Huie investigated this story and discovered that Ray lied about some details. Ray told Huie that he purposefully left the rifle with his fingerprints on it in plain sight at the crime scene because he wanted to become a famous criminal. He was convinced that he would escape capture because of his intelligence and cunning, and he also believed that Governor of Alabama George Wallace would soon be elected to the presidency, so that Ray would only be confined in prison for a short time, pending a presidential pardon by Wallace. However, Ray spent the remainder of his life unsuccessfully attempting to withdraw his guilty plea and secure a jury trial.

Second escape from prison
On June 10, 1977, Ray and six other convicts escaped from Brushy Mountain State Penitentiary in Petros, Tennessee. They were recaptured on June 13. A year was added to Ray's previous sentence, increasing it to a full century.

Conspiracy allegations

House Select Committee on Assassinations

Ray hired Jack Kershaw as his new attorney, and Kershaw publicly argued and promoted Ray's claim that he was not responsible for the assassination of King. His claim was that the assassination was the result of a conspiracy of the otherwise unidentified man named "Raul” who was a blonde Cuban. Kershaw and his client met with representatives of the United States House Select Committee on Assassinations (HSCA) and convinced the committee to conduct ballistics tests that they believed would prove Ray had not fired the fatal shot. The tests ultimately proved inconclusive. 

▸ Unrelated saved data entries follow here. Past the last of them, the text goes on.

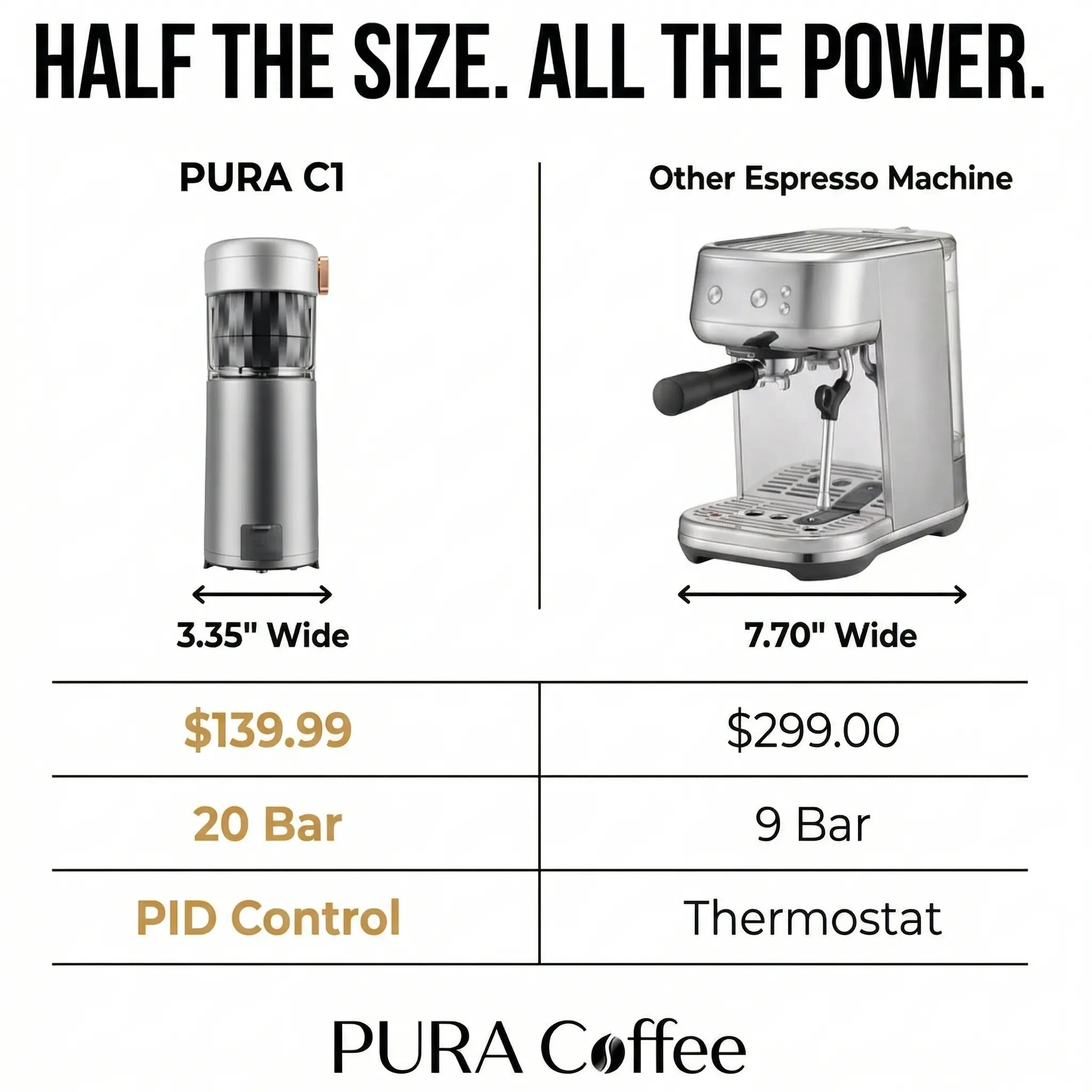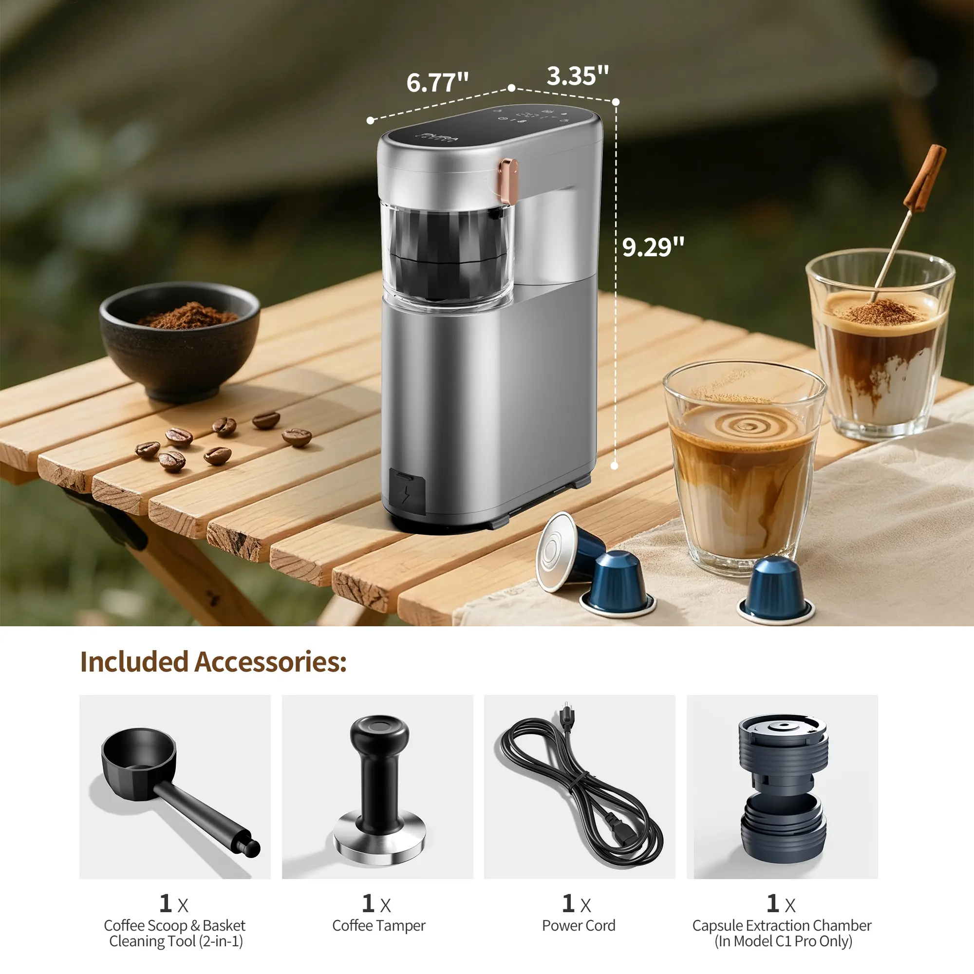 Enjoy professional-grade espresso without the bulk. Small space? No problem. The ultra-compact PCM-C1 (just 6.7"D x 3.4"W x 9.3"H) fits anywhere while delivering big flavor—bridging the gap between cafe quality and on-the-go convenience, delivering "Pure Flavor, Pure Energy" with zero barista skills required.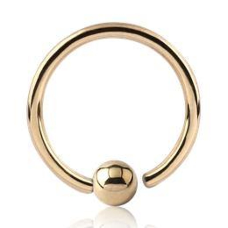 The 20 gauge fixed bead ring is made from gold PVD coated 316L stainless steel. These have the appearance of a regular captive bead ring except the ball has been permanently welded to one end of the ring. If you're unsure how to open and close fixed bead r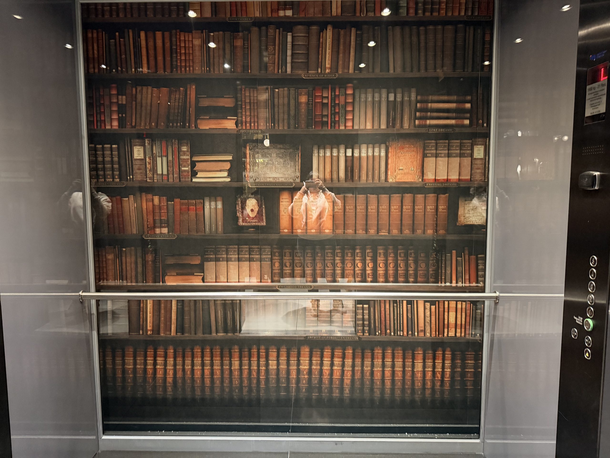 進門後的前廊設計,就像是「綠野仙蹤」的故事當中,愛麗絲剛進入到奇幻世界的時候的走廊,而櫃台位於走廊的側邊。辦理入住手續時,因為我這次的入住分為兩個訂位紀錄,而且預訂的房型還不一樣,剛好碰到酒店客滿的情況,所以服務人員花了一點時間幫忙喬了一下房間的安排。在獲得房卡之後,服務人員就一路送我們到電梯口,非常貼心。酒店的大廳與電梯是一個亮點,透明電梯讓房客可以更好地欣賞整座大廳,隨著電梯緩緩向上,就像是在看一個小故事影片,講述著這座酒店的歷史,非常有趣。

Kershaw claimed the prison escape was additional proof that Ray had been involved in a conspiracy that had provided him with the outside assistance he would have needed to break out of prison. Kershaw convinced Ray to submit to a polygraph test as part of an interview with Playboy. The magazine reported that the test results showed "Ray did, in fact, kill Martin Luther King Jr. and that he did so alone."  Ray then fired Kershaw after discovering the attorney had been paid $11,000 by the magazine in exchange for the interview and instead hired attorney Mark Lane to provide him with legal representation.

Mock trial and civil suit

In 1997, King's son, Dexter, met with Ray at the prison and asked him, "I just want to ask you, for the record, did you kill my father?" Ray replied, "No. No I didn't." Dexter told Ray that he, along with the rest of the King family, believed Ray, and the family also urged publicly that Ray be granted a new trial. William Pepper, a friend of King during the last year of his life, represented Ray in a mock trial televised by HBO in an attempt to grant him the trial he never received. In the mock trial, the prosecutor was Hickman Ewing. The mock trial jury finally acquitted Ray.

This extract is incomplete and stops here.